Tool to extract unknown vocab from text?

Index » Learning resources

  • 1
 
yogert909 Member
From: Los Angeles, Ca Registered: 2013-05-03 Posts: 270 Website

Hi,  I've been looking for a tool that can extract all the vocabulary words from a text, then compare against a list of known words and return a list of unknown vocab.  it seems that morph man does this, but it's giving me errors.

Animosophy Member
Registered: 2013-02-19 Posts: 180

If nothing else use cb's text analysis tool: http://forum.koohii.com/viewtopic.php?pid=177549

Then go to http://www.tracemyip.org/tools/remove-d … ds-in-text , c&p known words in front of the new vocabulary and divide the two lists with a bunch or hyphens or something, keeping all of the vocab left from the extracted word list.

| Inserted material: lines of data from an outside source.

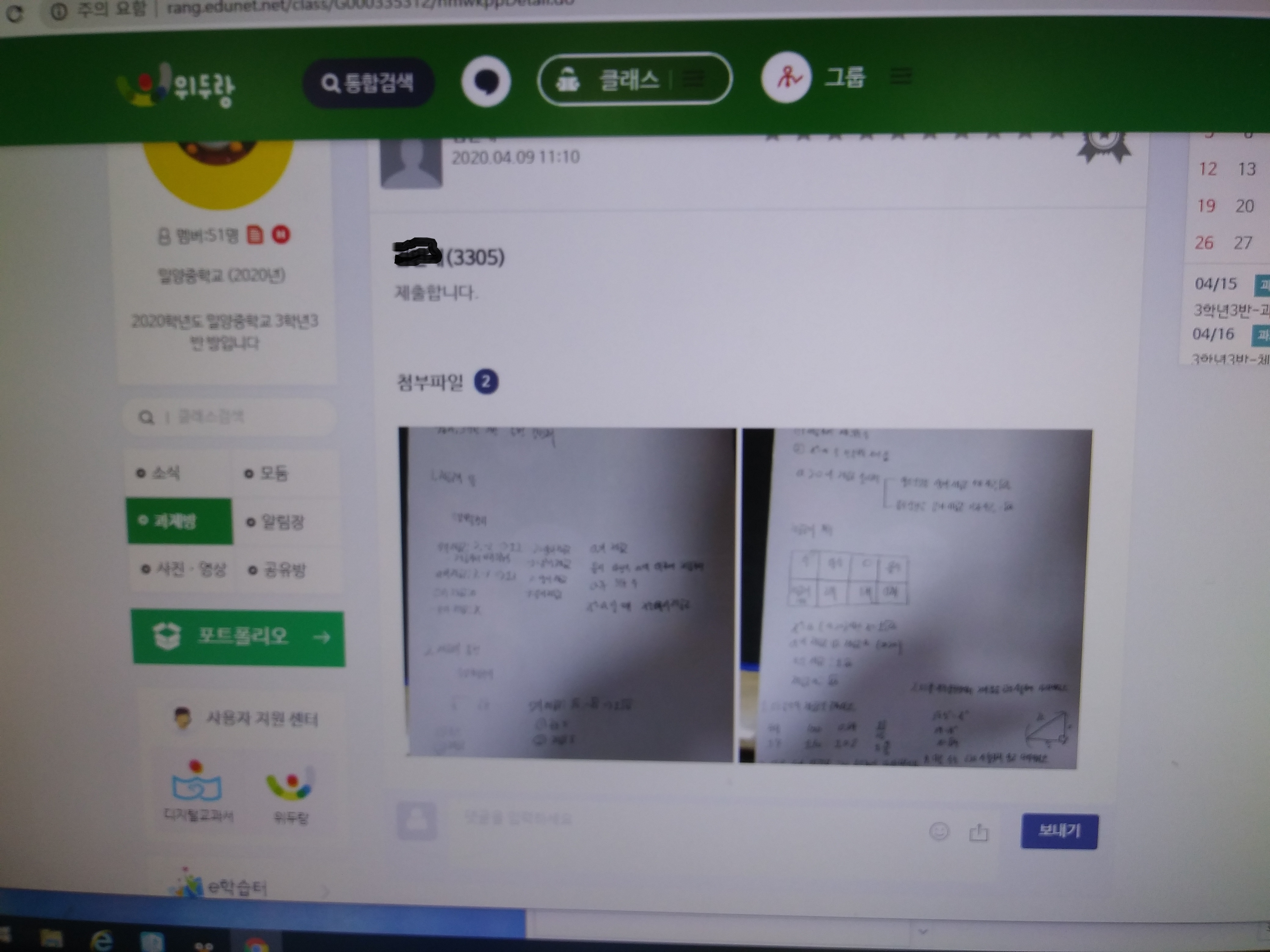 2. 과제제출확인하여 제출하지 않은 학생에게 제출 독려
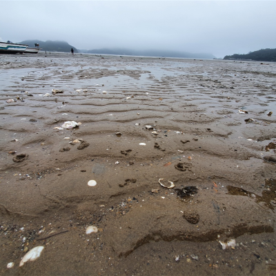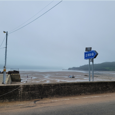 체험은 못하고 아쉬운 마음에 드라이브하다가 갯벌이 보여서 들어갔어요. 뭐 잡지는 않고 위로 걸어봤어요. 전 날 물이 꽉 차있는 모습을 보다가 쑥 빠진 모습을 보니 정말 신기했어요. 사진 속 모습은 강계마을이라고 파도모양 표지판이 있는 곳입니다.
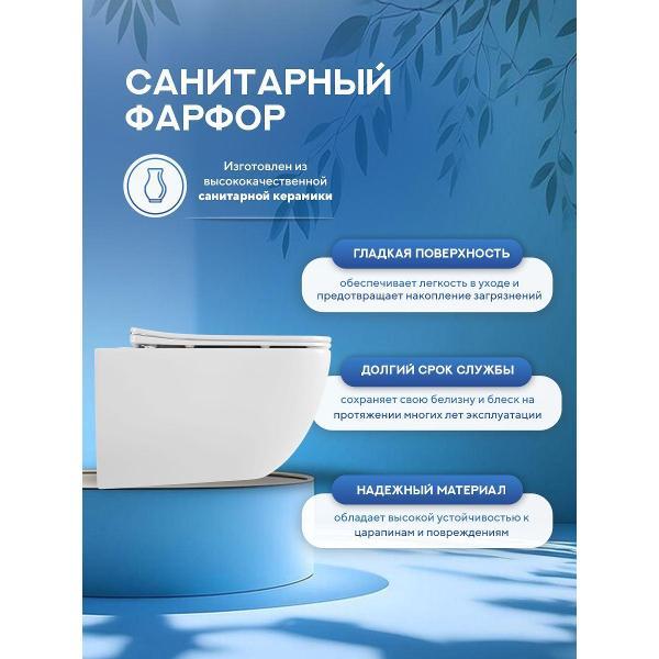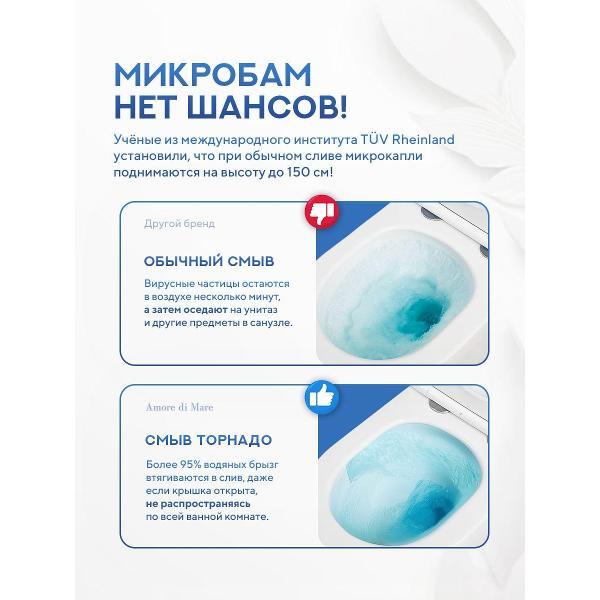 Комплект 7 в 1: инсталляция TECE 9400413 + унитаз Amore di Mare Bacino Tornado P210-T + сиденье микролифт Инсталляция TECE base 2.0: прочная и надежная система скрытого монтажа Подвесной безободковый унитаз Amore di Mare: гигиеничность и удобство ухода Сиденье с микролифтом: плавное закрытие крышки и бесшумная работа Кнопка слива с двумя режимами: экономичный и стандартный режимы Встроенный скрытый бачок для воды: бесшумный и надежный слив Комплект крепежных элементов: безопасность и долговечность конструкции Материал: санфарфор с антибактериальным, водоотталкивающим и грязезащитным покрытием Особенности: антивсплеск, антигрязевое покрытие, безободковая конструкция, быстросъемное сидение с микролифтом, воронка-водоворот, торнадо-смысл, механический механизм слива, две кнопки (полный + эконом) Комплектация: инсталляция, звукоизоляционная пластина, кнопка смыва, бачок для воды, подвесной безободковый унитаз, быстросъемное сиденье с микролифтом, комплект креплений для монтажа

Last edited by Animosophy (2013 September 19, 7:41 pm)

yogert909 Member
From: Los Angeles, Ca Registered: 2013-05-03 Posts: 270 Website

cb's tool looks interesting.  I'll give it a try and see.

Thanks!

Advertising (register and sign in to hide this)
JapanesePod101 Sponsor
 
lauri_ranta Member
Registered: 2012-03-31 Posts: 139 Website

You can use MeCab to find lemmas of specific types:

mecab -F '%t %f[6]\n' -E '' *.txt|awk '$1~/[26]/{print $2}'|awk '!a[$0]++'>words.txt

%t is word type (0: other, 2: kanji or kanji with kana, 3: special character, 4: number, 5: latin, 6: hiragana, 7: katakana), and %f[6] is the lemma, or field 6 in the default output. Change 26 to 2 if you only want to include words with at least one kanji.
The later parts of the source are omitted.